-------- MATERIAL PROVIDED --------

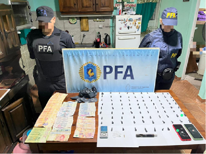 Como resultado del allanamiento, se secuestraron dosis de cocaína listas para su comercialización, balanzas de precisión, un arma de fuego, dinero en efectivo, elementos utilizados para el fraccionamiento de la droga y un motovehículo empleado para realizar las entregas.
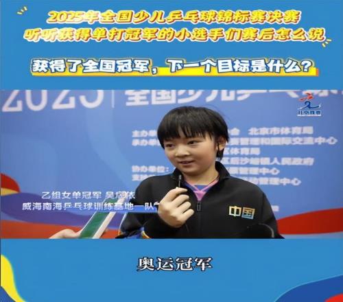 在夺冠之后接受采访,当被问到夺得全国冠军的下一个目标是什么,吴扆依直言不讳:“奥运冠军!”吴扆依的偶像是孙颖莎,今年上半年独自在内蒙古参加比赛,吴扆依接受采访时说了一句话:“孙颖莎在场上都不哭,我在场上怎么能哭呢。”这就是榜样的力量,期待这位心怀远大目标的小朋友在未来继续蜕变!
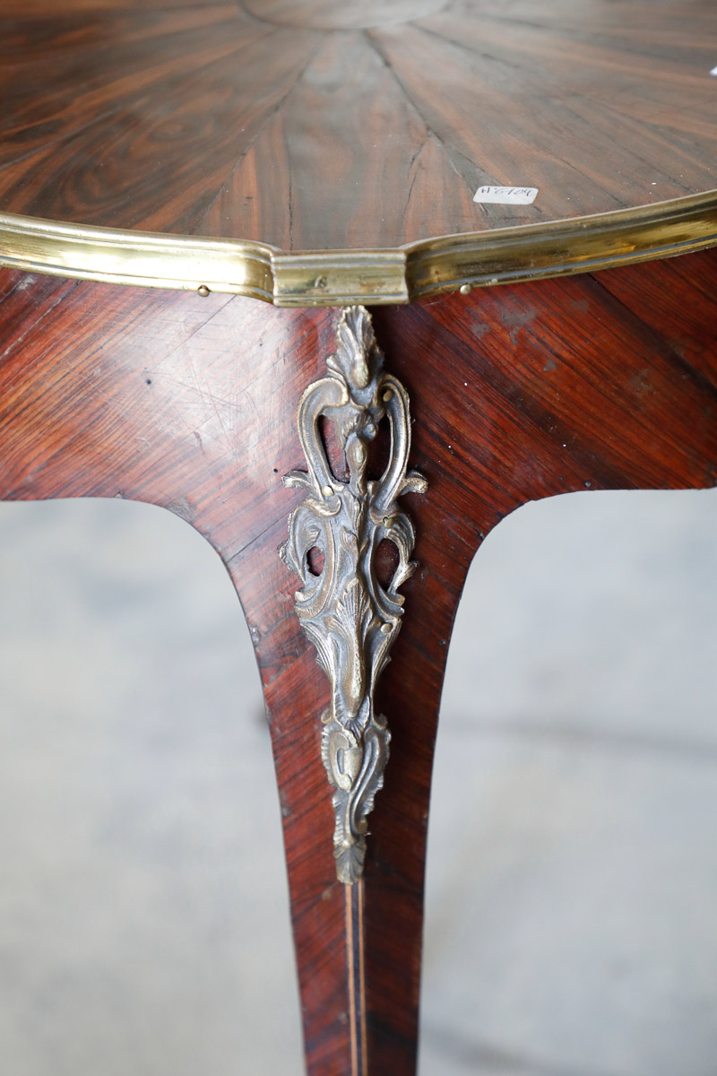 Tavolino tondo in bois de roses con gambina mossa, piano fiammato, finiture in bronzo dorato, Francia Napoleone III.
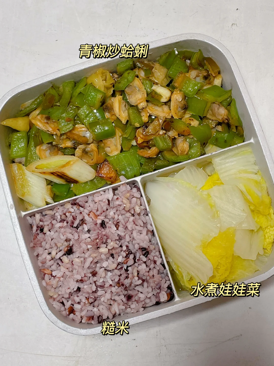 📍糙米+水煮娃娃菜+青椒炒蛤蜊
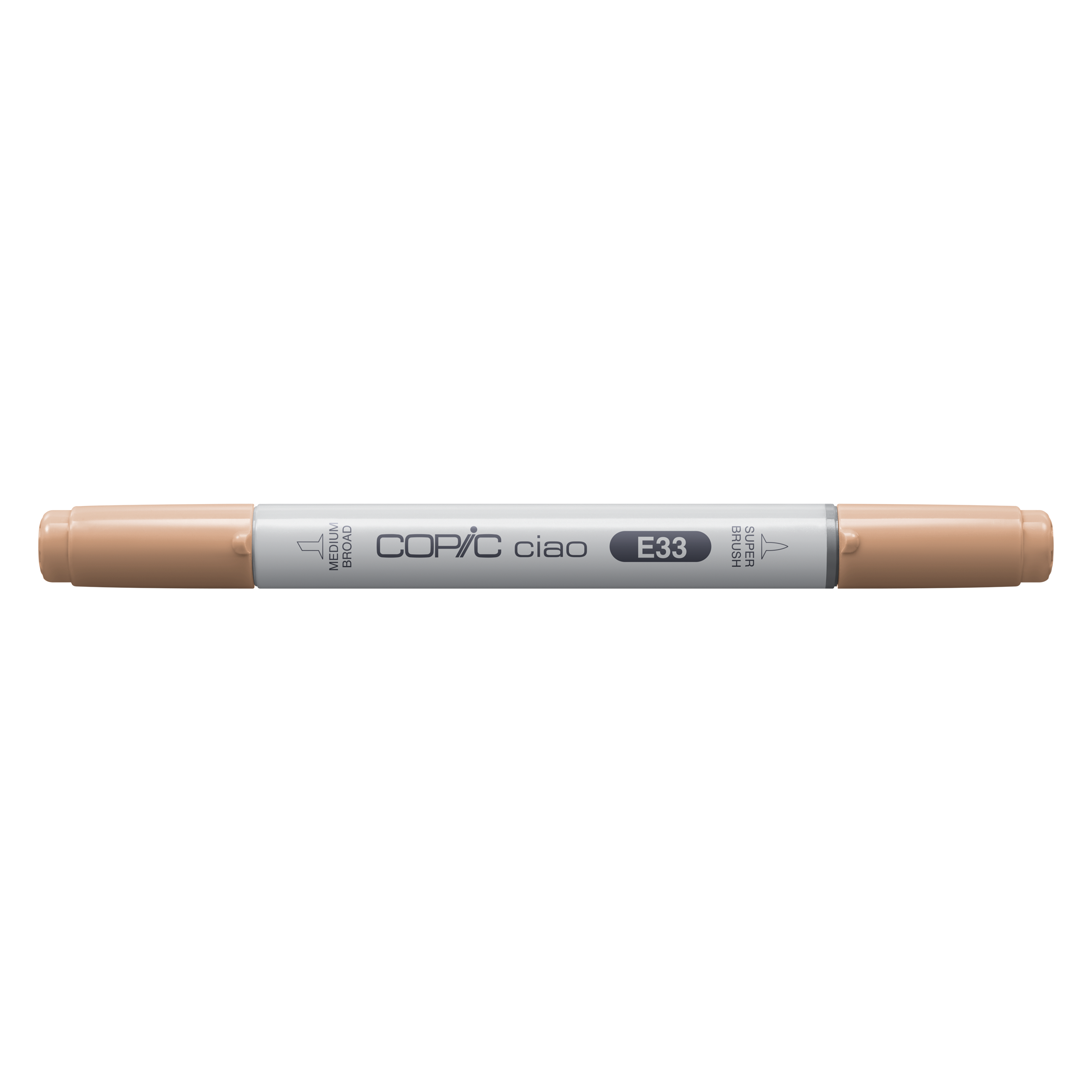 Copic Ciao Marker E33, der preisgünstige, doppelseitige Allround-Marker in 180 Farben. Der Copic Ciao bietet Newcomern viele Produktvorteile, die bereits den Copic classic und den Copic Sketch aus dem Profilager ausgezeichnet haben. Ausgestattet mit einer universell einsetzbaren, mittelbreiten Spitze, verfügt er außerdem über eine flexible Pinselspitze. Mit dieser können weiche Striche mit interessanten Modulationen erzielt werden. Der Ciao Marker ist daher für Modedesign und Kalligrafie, zum Skizzieren, Scribblen und Layouten perfekt einsetzbar. Insbesondere Hobbykünstler & Mangaka bevorzugen den Copic Ciao, u.a. zum Kolorieren von Scrapbookings, Stempelkunst und handgemachten Karten. Die eingefärbten Kappen ermöglichen eine schnelle und exakte Identifizierung der Farbtöne. Die 180 leuchtenden Farben auf Alkoholbasis sind toxikologisch unbedenklich und nahezu geruchlos. Die Tinte trocknet schnell, verwischt nicht und kann auf der Fläche gemischt und übereinandergelegt werden. Alle erhältlichen 180 Farben können mit Copic Ink farbidentisch wieder aufgefüllt werden. Mit einer einzigen Nachfüll-Flasche kann der Marker 9 x wieder aufgefüllt werden. Das garantiert ein optimales Kosten-Nutzen-Verhältnis, ist umweltfreundlich und wirtschaftlich.
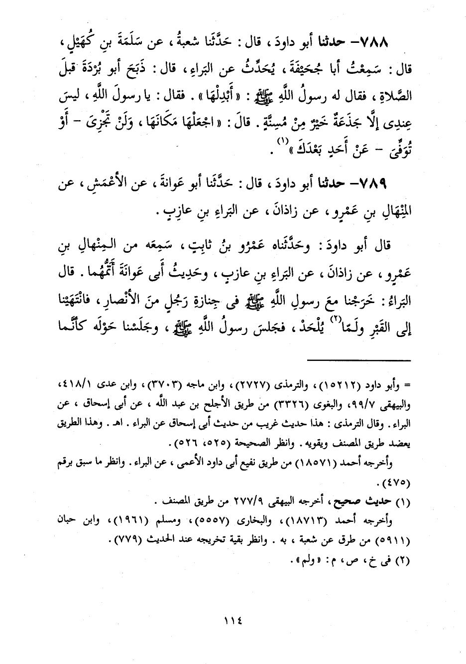 789 - حَدَّثَنَا أَبُو دَاوُدَ قَالَ: حَدَّثَنَا أَبُو عَوَانَةَ، عَنِ الْأَعْمَشِ، عَنِ الْمِنْهَالِ بْنِ عَمْرٍو، عَنْ زَاذَانَ، عَنِ الْبَرَاءِ بْنِ عَازِبٍ، قَالَ أَبُو دَاوُدَ وَحَدَّثَنَاهُ عَمْرُو بْنُ ثَابِتٍ، سَمِعَهُ مِنَ الْمِنْهَالِ بْنِ عَمْرٍو، عَنْ زَاذَانَ، عَنِ الْبَرَاءِ بْنِ عَازِبٍ، وَحَدِيثُ أَبِي عَوَانَةَ، أَتَمُّهُمَا قَالَ الْبَرَاءُ: خَرَجْنَا مَعَ رَسُولِ اللَّهِ صَلَّى اللهُ عَلَيْهِ وَسَلَّمَ فِي جِنَازَةِ رَجُلٍ مِنَ الْأَنْصَارِ فَانْتَهَيْنَا إِلَى الْقَبْرِ وَلَمَّا يُلْحَدْ فَجَلَسَ رَسُولُ اللَّهِ صَلَّى اللهُ عَلَيْهِ وَسَلَّمَ وَجَلَسْنَا حَوْلَهُ كَأَنَّمَا -[115]- عَلَى رُءُوسِنَا الطَّيْرُ - قَالَ عَمْرُو بْنُ ثَابِتٍ: وُقَّعٌ وَلَمْ يَقُلْهُ أَبُو عَوَانَةَ - فَجَعَلَ يَرْفَعُ بَصَرَهُ وَيَنْظُرُ إِلَى السَّمَاءِ وَيَخْفِضُ بَصَرَهُ وَيَنْظُرُ إِلَى الْأَرْضِ ثُمَّ قَالَ: «أَعُوذُ بِاللَّهِ مِنْ عَذَابِ الْقَبْرِ» قَالَهَا مِرَارًا ثُمَّ قَالَ: " إِنَّ §الْعَبْدَ الْمُؤْمِنَ إِذَا كَانَ فِي قُبُلٍ مِنَ الْآخِرَةِ وَانْقِطَاعٍ مِنَ الدُّنْيَا جَاءَهُ مَلَكٌ فَجَلَسَ عِنْدَ رَأْسِهِ فَيَقُولُ: اخْرُجِي أَيَّتُهَا النَّفْسُ الْمُطْمَئِنَّةُ إِلَى مَغْفِرَةٍ مِنَ اللَّهِ وَرِضْوَانٍ فَتَخْرُجُ نَفْسُهُ وَتَسِيلُ كَمَا يَسِيلُ قَطْرُ السِّقَاءِ " قَالَ عَمْرٌو فِي حَدِيثِهِ وَلَمْ يَقُلْهِ أَبُو عَوَانَةَ: " وَإِنْ كُنْتُمْ تَرَوْنَ غَيْرَ ذَلِكَ وَتَنْزِلُ مَلَائِكَةٌ مِنَ الْجَنَّةِ بِيضُ الْوُجُوهِ كَأَنَّ وُجُوهَهُمُ الشَّمْسُ مَعَهُمْ أَكْفَانٌ مِنْ أَكْفَانِ الْجَنَّةِ وَحَنُوطٌ مِنْ حَنُوطِهَا فَيَجْلِسُونَ مِنْهُ مَدَّ الْبَصَرِ فَإِذَا قَبَضَهَا الْمَلَكُ لَمْ يَدَعُوهَا فِي يَدِهِ طَرْفَةَ عَيْنٍ فَذَلِكَ قَوْلُهُ عَزَّ وَجَلَّ {تَوَفَّتْهُ رُسُلُنَا وَهُمْ لَا يُفَرِّطُونَ} [الأنعام: 61] " قَالَ: " فَتَخْرُجُ نَفْسُهُ كَأَطْيَبِ رِيحٍ وُجِدَتْ فَتَعْرُجُ بِهِ الْمَلَائِكَةُ فَلَا -[116]- يَأْتُونَ عَلَى جُنْدٍ بَيْنَ السَّمَاءِ وَالْأَرْضِ إِلَّا قَالُوا: مَا هَذَا الرُّوحُ؟ فَيُقَالُ: فُلَانٌ، بِأَحْسَنِ أَسْمَائِهِ حَتَّى يَنْتَهُوا بِهِ إِلَى بَابِ سَمَاءِ الدُّنْيَا فَيُفْتَحُ لَهُ وَيُشَيِّعُهُ مِنْ كُلِّ سَمَاءٍ مُقَرَّبُوهَا حَتَّى يُنْتَهَى بِهَا إِلَى السَّمَاءِ السَّابِعَةِ فَيَقُولُ: اكْتُبُوا كِتَابَهُ فِي عِلِّيِّينَ {وَمَا أَدْرَاكَ مَا عِلِّيُونَ كِتَابٌ مَرْقُومٌ يَشْهَدُهُ الْمُقَرَّبُونَ} [المطففين: 20] فَيُكْتَبُ كِتَابُهُ فِي عِلِّيِّينَ ثُمَّ يُقَالُ: رُدُّوهُ إِلَى الْأَرْضِ فَإِنِّي وَعَدْتُهُمْ أَنِّي مِنْهَا خَلَقْتُهُمْ وَفِيهَا نُعِيدُهُمْ وَمِنْهَا نُخْرِجُهُمْ تَارَةً أُخْرَى فَيُرَدُّ إِلَى الْأَرْضِ وَتُعَادُ رُوحُهُ فِي جَسَدِهِ فَيَأْتِيهِ مَلَكَانِ شَدِيدَا الِانْتِهَارِ فَيَنْتَهِرَانِهِ وَيُجْلِسَانِهِ فَيَقُولَانِ: مَنْ رَبُّكَ؟ وَمَا دِينُكَ؟ فَيَقُولُ: رَبِّيَ اللَّهُ وَدِينِيَ الْإِسْلَامُ فَيَقُولَانِ: فَمَا تَقُولُ فِي هَذَا الرَّجُلِ الَّذِي بُعِثَ فِيكُمْ؟ فَيَقُولُ: هُوَ رَسُولُ اللَّهِ فَيَقُولَانِ وَمَا يُدْرِيكَ؟ فَيَقُولُ: جَاءَنَا بِالْبَيِّنَاتِ مِنْ رَبِّنَا فَآمَنْتُ بِهِ وَصَدَّقْتُهُ " قَالَ: " وَذَلِكَ قَوْلُهُ عَزَّ وَجَلَّ: {يُثَبِّتُ اللَّهُ الَّذِينَ آمَنُوا بِالْقَوْلِ الثَّابِتِ فِي الْحَيَاةِ الدُّنْيَا وَفِي الْآخِرَةِ} [إبراهيم: 27] " قَالَ: " وَيُنَادِي مُنَادٍ مِنَ السَّمَاءِ أَنْ قَدْ صَدَقَ عَبْدِي فَأَلْبِسُوهُ مِنَ الْجَنَّةِ وَأَفْرِشُوهُ مِنْهَا وَأَرُوهُ مَنْزِلَهُ مِنْهَا فَيَلْبِسُ مِنَ الْجَنَّةِ وَيُفْرَشُ مِنْهَا وَيَرَى مَنْزِلَهُ مِنْهَا وَ

--------

* EXERCISE GOAL: Include the first line of the records, the line containing "Copic Ciao Marker", and every line between them, repeated exactly. Skip the pictures.

* TASK RESPONSE:
 Como resultado del allanamiento, se secuestraron dosis de cocaína listas para su comercialización, balanzas de precisión, un arma de fuego, dinero en efectivo, elementos utilizados para el fraccionamiento de la droga y un motovehículo empleado para realizar las entregas.
 在夺冠之后接受采访,当被问到夺得全国冠军的下一个目标是什么,吴扆依直言不讳:“奥运冠军!”吴扆依的偶像是孙颖莎,今年上半年独自在内蒙古参加比赛,吴扆依接受采访时说了一句话:“孙颖莎在场上都不哭,我在场上怎么能哭呢。”这就是榜样的力量,期待这位心怀远大目标的小朋友在未来继续蜕变!
 Tavolino tondo in bois de roses con gambina mossa, piano fiammato, finiture in bronzo dorato, Francia Napoleone III.
 📍糙米+水煮娃娃菜+青椒炒蛤蜊
 Copic Ciao Marker E33, der preisgünstige, doppelseitige Allround-Marker in 180 Farben. Der Copic Ciao bietet Newcomern viele Produktvorteile, die bereits den Copic classic und den Copic Sketch aus dem Profilager ausgezeichnet haben. Ausgestattet mit einer universell einsetzbaren, mittelbreiten Spitze, verfügt er außerdem über eine flexible Pinselspitze. Mit dieser können weiche Striche mit interessanten Modulationen erzielt werden. Der Ciao Marker ist daher für Modedesign und Kalligrafie, zum Skizzieren, Scribblen und Layouten perfekt einsetzbar. Insbesondere Hobbykünstler & Mangaka bevorzugen den Copic Ciao, u.a. zum Kolorieren von Scrapbookings, Stempelkunst und handgemachten Karten. Die eingefärbten Kappen ermöglichen eine schnelle und exakte Identifizierung der Farbtöne. Die 180 leuchtenden Farben auf Alkoholbasis sind toxikologisch unbedenklich und nahezu geruchlos. Die Tinte trocknet schnell, verwischt nicht und kann auf der Fläche gemischt und übereinandergelegt werden. Alle erhältlichen 180 Farben können mit Copic Ink farbidentisch wieder aufgefüllt werden. Mit einer einzigen Nachfüll-Flasche kann der Marker 9 x wieder aufgefüllt werden. Das garantiert ein optimales Kosten-Nutzen-Verhältnis, ist umweltfreundlich und wirtschaftlich.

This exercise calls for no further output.